RAG-grounded extraction. Tiered fallbacks. Production observability.

TypeScript
OpenAI API
Supabase
pgvector
Langfuse
Vitest
Docker

Overview

Trappan automatically finds and reads quarterly financial reports for Swedish listed real estate companies, then extracts 20+ standardised metrics (EPRA NRV, LTV, occupancy rate, etc.) into a structured database. The hard part is that every company uses different terminology, buries figures in different sections, and publishes in Swedish. The system solves this with a definitions-aware RAG layer that maps company-specific labels to canonical metrics before extraction runs. Everything is built from scratch in TypeScript — no LangChain, no LangGraph.

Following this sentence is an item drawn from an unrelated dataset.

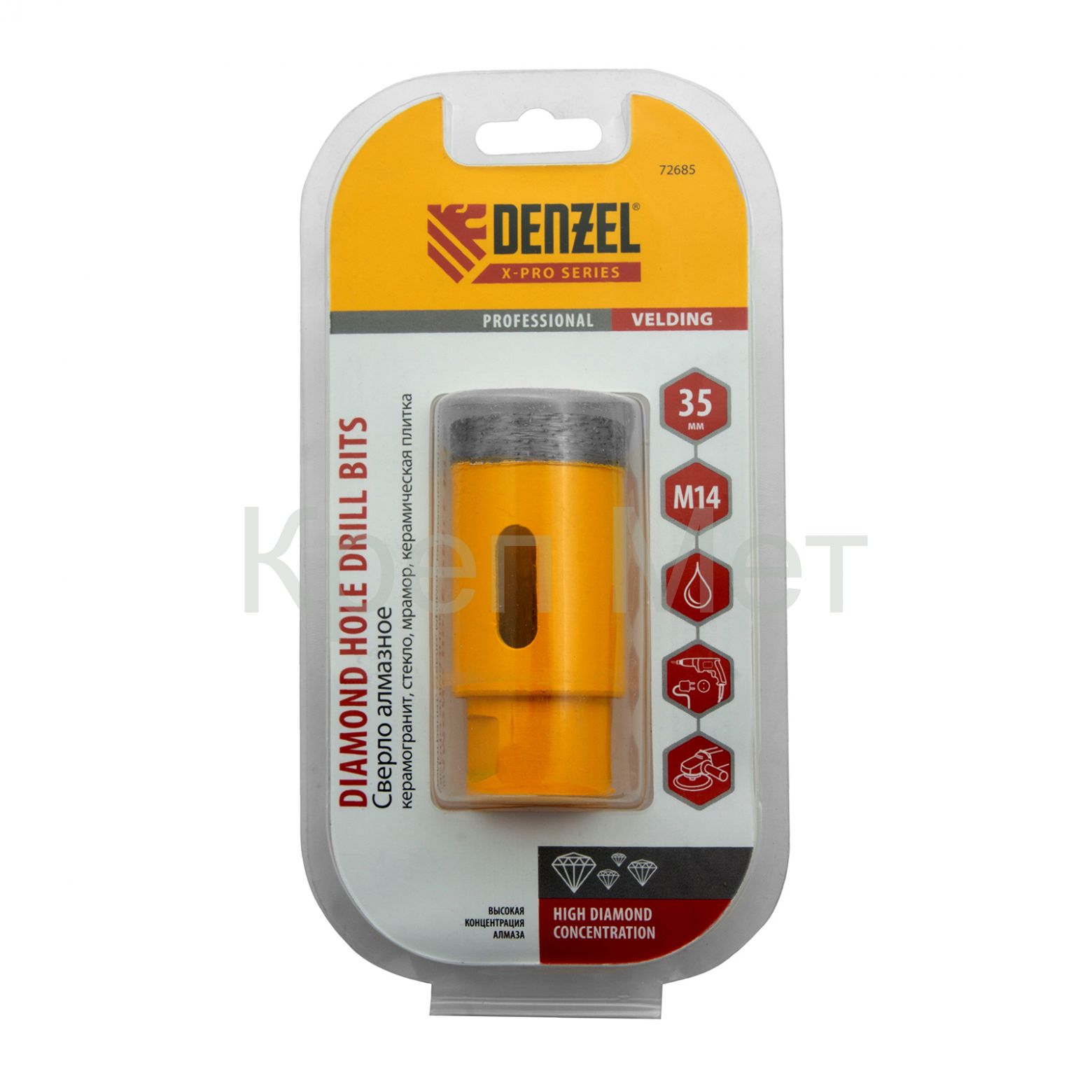 Сверло алмазное по керамограниту, 35 мм, мокрая резка, М14 Denzel

Contribution: Full-stack design and implementation — orchestrator, harness, RAG pipeline, extraction tiers, observability

Agent surface

Custom retry harness with confidence-aware best-result tracking across attempts
RAG-grounded term resolution via pgvector: definition blocks extracted from the PDF, embedded, and matched to a canonical metrics knowledge base
Two-tier extraction (vision LLM on keyword-matched pages → web search fallback) with explicit confidence escalation, reducing cost on the happy path

Orchestrator: four explicit phases

The orchestrator sequences four phases — cache check, report discovery, extraction, and persistence — with job state written to the database between each step. This means every run is resumable and auditable. A Langfuse trace is opened at the start and a span is attached to each phase, so the full execution tree is visible in the observability dashboard without any extra instrumentation.

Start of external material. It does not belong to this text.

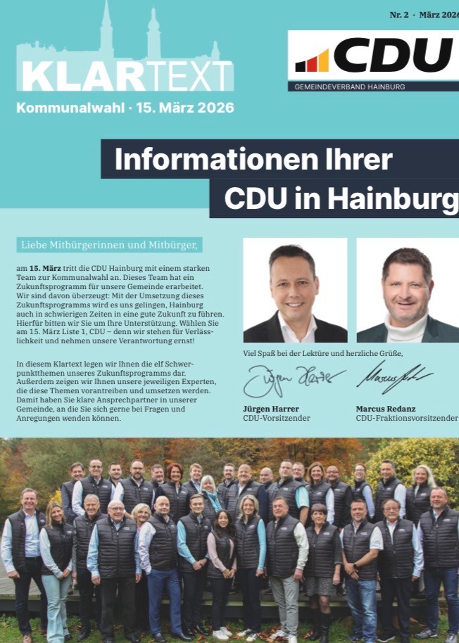 mehrKlartext reden! mit unserem hessischen Minister für Landwirtschaft und Umwelt, Weinbau, Forsten, Jagd und Heimat Ingmar Jung.Herzliche Einladung an alle interessierten Bürgerinnen und Bürger zu unserem traditionellen Bürgerempfang!In diesem Jahr freuen wir uns zudem auf einen musikalischen Gruß des Gesangsverein Germania.

Phase 1 (Cache): checks both a freshness-based metric cache and a date-specific data cache — skips extraction entirely if all requested metrics are available
Phase 2 (Discovery): delegates to the report finder, which runs a 3-method cascade to locate the correct quarterly PDF
Phase 3 (Extraction): runs the tiered parser; writes per-run stats including token counts, latency, and which metrics were extracted vs. missed
Phase 4 (Persist): writes artifact records and a structured run log; the orchestrator returns a typed ExtractionSignal (clean | partial_fallback | full_fallback | failed) for the caller to act on

export async function runOrchestrator(
  company: CompanyInput,
  metrics: MetricDef[],
  options?: { cacheMaxAgeHours?: number },
  runContext?: RunContext
): Promise<OrchestratorResult> {

  // Phase 1 — return early if all metrics are fresh
  const cached = await getCachedMetrics(company.id, metricKeys);
  if (missingMetrics.length === 0) return finalize({ signal: "clean", ... });

  // Phase 2 — find the report PDF
  const discovery = await runWithRetry(
    (note) => findReport({ ...input, _note: note }, { logger: log }),
    { isSuccess: (o) => !!o?.report_url, label: `reportsFinder:${company.id}` }
  );

  // Phase 3 — extract missing metrics
  const { outputs, steps } = await parseMetrics(missingMetrics, reportUrl, ctx);
  await upsertMetrics(company.id, reportUrl, outputs);

  // Phase 4 — persist and return
  return finalize({ signal: deriveSignal(steps, failed), ... });
}

Each phase is independently observable and the state machine never silently skips a step.

Custom retry harness

Every agent call in the system is wrapped in a generic retry harness that tracks the best result across all attempts — not just the last one. This matters because LLM outputs are non-deterministic: a third attempt might be worse than the first. The harness ranks outputs by a caller-supplied confidence label and promotes only when the new result is strictly better.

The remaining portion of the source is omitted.